Defying Sandi, I spit toothpaste, checked the figures, and dialed.


As soon as Sandi answered, I blurted, “I know you told me not to work on the audit, but while I brushed my teeth, the solution popped up into my head.”


A half moan, half giggle floated through the ear piece.


“If we keep the incorrect withholdings from Matthew’s paycheck, we balance within two cents. I found the extra two cents listed in Pennsylvania Unemployment Compensation, a QuickBooks round.

“Go to bed. We’ll look at it tomorrow.”


I did go to bed. Exhausted, I even fell asleep. My mind, conflicted about using a mistake, opened the sixty-four page tiny print ledger and searched for another missed 5.66 amount or the equivalent. The search jerked me awake. Reading The Man Who Counted didn’t make me drowsy. I nestled into pillows. Patrick Tull’s resonant narration of Cadfael mysteries couldn’t lull me back to sleep. I readjusted the covers. The geothermal furnace fan whistled through vents. Snores from Spence and Charlie vibrated the silence.


Morning finally arrived. I dragged myself out of bed and planned to follow Sandi’s advice—concentrate on house chores and write comments for Pennwriter stories—until Sandi returned on Leap Day evening. Carleen, a young grandma, would be away cheering for her granddaughters at their volleyball game. 


But the phone rang. Kathy, a township supervisor, asked, “How’s it going?”


I told Kathy more than she could absorb about three amounts totaling $2.82 listed incorrectly in the ledger under unemployment compensation and again in federal withholding, which is a match for social security and medicare, not unemployment compensation.


“Wait.” Her practical voice interrupted me. “Did any of this affect what Matthew got paid?”


“No, his check was correct.”


“So the money was just paid by the township?”


“Yes.”


“And the total amount?”


“Five dollars and sixty-four cents.”


“That’s a small amount. If it makes the whole budget balance, leave it in. Just document it well in case we get audited.”


Of course Kathy was right. If the secretary-treasurer had put the money in liabilities, then we should report the transaction. Blunder or not. Duh. 


“Thanks, Kathy.” And I sighed loud enough for Kathy to hear it three miles away without the phone.


When Sandi arrived that evening, I admitted I had talked with Kathy. “But she called me.”


Sandi smirked.
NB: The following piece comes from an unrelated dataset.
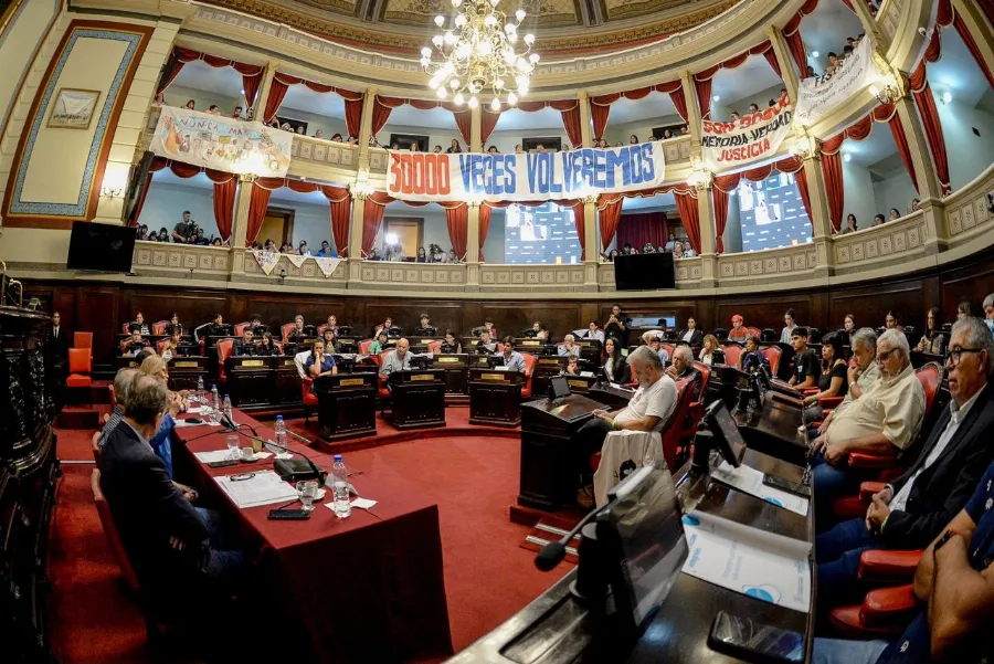 Durante la apertura de este encuentro, la vicegobernadora bonaerense, Verónica Magario, les habló a los jóvenes desde el recinto de sesiones de la Cámara Alta, y condenó fuertemente el terrorismo de Estado, al tiempo que reivindicó las banderas de Memoria, Verdad y Justicia.

We included the liabilities numbers we’d taken out. The general finances balanced. Wiggling eyebrows at each other, we tapped calculator numbers and computed dollars and cents for figures in a five by three row table. Balanced! We redid the fifteen figure table rounded to dollars. 
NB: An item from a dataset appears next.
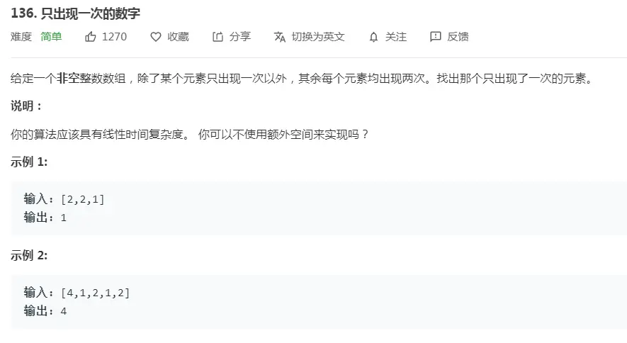 如果没有题目要求的算法具有线性时间复杂度,和不能使用额外的空间实现,这道题很好解,直接暴力搜索时间复杂度为O(n^2),就可以完成。但想了很久都没有想到满足题目要求的解法,于是参考了官方的题解。官方题解

“It balances!” I texted Carleen at the volleyball game.


“Hip hip hooray!!” binged back.


Sandi and I rounded seven pages of coded expenses. Those figures, rounded up or down, had to match the totals on the table—trickier than it sounds.


After three hours and fifteen minutes of tapping calculator numbers, we succeeded.
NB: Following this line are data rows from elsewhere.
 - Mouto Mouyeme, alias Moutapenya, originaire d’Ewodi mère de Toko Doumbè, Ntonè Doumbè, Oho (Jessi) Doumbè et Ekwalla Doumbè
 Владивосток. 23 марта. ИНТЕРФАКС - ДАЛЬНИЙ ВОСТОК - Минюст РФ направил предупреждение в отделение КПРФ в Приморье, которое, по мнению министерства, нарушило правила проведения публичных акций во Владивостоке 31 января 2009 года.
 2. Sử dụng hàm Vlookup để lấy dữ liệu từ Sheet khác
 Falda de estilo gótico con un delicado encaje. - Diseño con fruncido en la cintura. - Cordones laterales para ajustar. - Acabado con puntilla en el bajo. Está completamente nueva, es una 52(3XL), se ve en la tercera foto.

Sandi grabbed her coat and hat. “We’re done.” Her yawn ended in a satisfied smile. “I won’t be back for auditing, but I’ll see you next Friday for Fox’s rummage sale.”


Papers scooped tucked away, I collapsed into bed. 


I slept soundly until 2:20 a.m. when I dreamed of an elephant. His wrinkly gray trunk reached over the heads of unseen people, and his “fingersgrasped their hats. Waking, I scribbled the elephant image on the notepad beside my bed. The elephant dream signaled the end of sleepless February. Audit nightmares had terminated and writing suggestions resumed. The elephant also congratulated me for tolerating Naima’s funny-scary chapter and for balancing the township finances with his HATS OFF. 

 
Lenten Rose Planted in Memory of Nancy Musser
Nancy had been French Creek Township’s lead auditor for decades. She was also my mentor and friend. Her rose bloomed the third day of the audit and continued blooming, a reminder her lessons and spirit were with us.